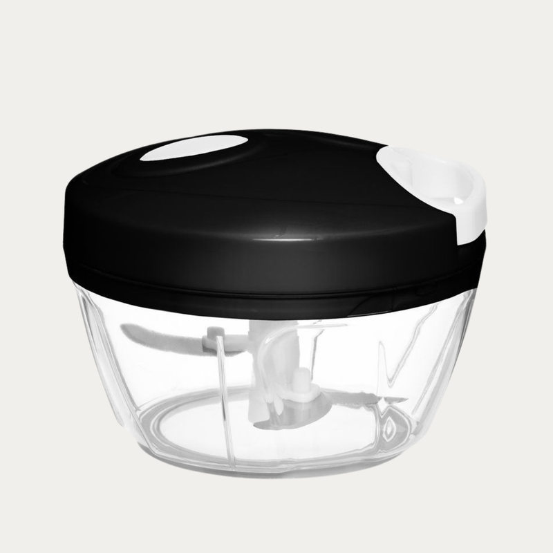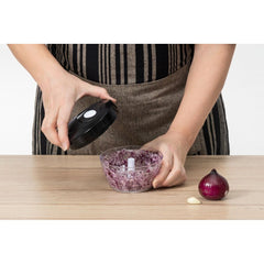 Silppua valkosipulit, yrtit ja muut pienet ainekset helposti ja nopeasti. Kolme ruostumattomasta teräksestä valmistettua terää nopeaan pilkkomiseen. Narun vetojen määrä määrittää pilkkomistason. Ei enää kyyneleitä sipuleita pilkkoessa. Käsinpesu.
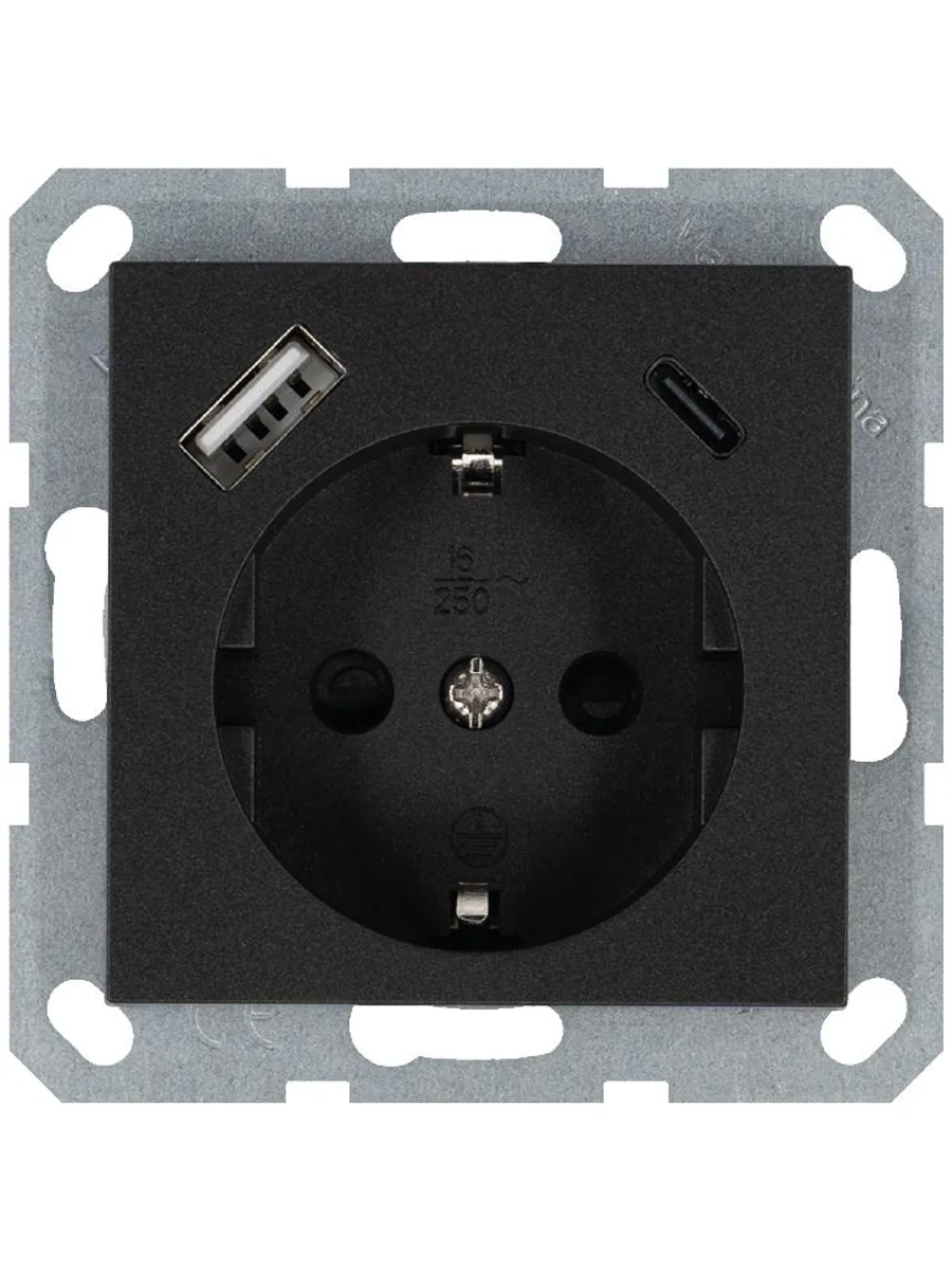 Розетка Shuko 16А с заземл. защ. шторки с 2-мя заряд. устройствами USB тип A+C 25Вт механизм антрацит Jasmart G5501USB-25B - купить в KeepBuilding | KeepBuilding
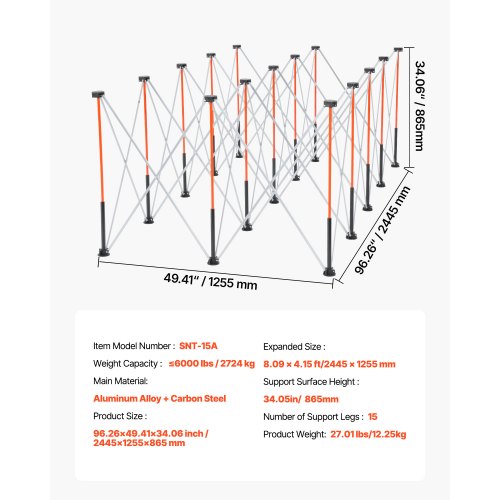Robust och stabil: Tillverkad med 15 aluminiumlegeringsstöd och förstärkta rör, klarar detta bärbara, hopfällbara arbetsställ upp till 2700 kg. Det har klarat trycktester, vilket ger tillförlitligt stöd för dina uppgifter och säkerställer långvarig hållbarhet.
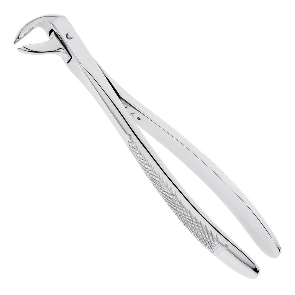 Обе несходящиеся рабочие части щипцов заканчиваются шипами, которые вводятся и фиксируются в бифуркации корней. На внутренней поверхности щечек инструмента есть продольно-поперечные насечки, которые обеспечивают плотный захват зуба и облегчают его удаление.
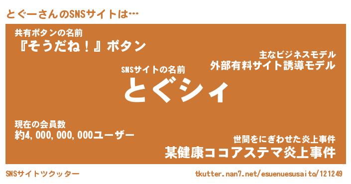 | ヘコむあだ名 | 『とぐにゅー』『つくし』『とぐを』 |

● ● ● ●

### EXERCISE DESCRIPTION
Once the line containing "Розетка Shuko 16А" is found in the records above, it and every line after it up to the last must be repeated exactly, without pictures.

### SOLUTION
 Розетка Shuko 16А с заземл. защ. шторки с 2-мя заряд. устройствами USB тип A+C 25Вт механизм антрацит Jasmart G5501USB-25B - купить в KeepBuilding | KeepBuilding
Robust och stabil: Tillverkad med 15 aluminiumlegeringsstöd och förstärkta rör, klarar detta bärbara, hopfällbara arbetsställ upp till 2700 kg. Det har klarat trycktester, vilket ger tillförlitligt stöd för dina uppgifter och säkerställer långvarig hållbarhet.
 Обе несходящиеся рабочие части щипцов заканчиваются шипами, которые вводятся и фиксируются в бифуркации корней. На внутренней поверхности щечек инструмента есть продольно-поперечные насечки, которые обеспечивают плотный захват зуба и облегчают его удаление.
 | ヘコむあだ名 | 『とぐにゅー』『つくし』『とぐを』 |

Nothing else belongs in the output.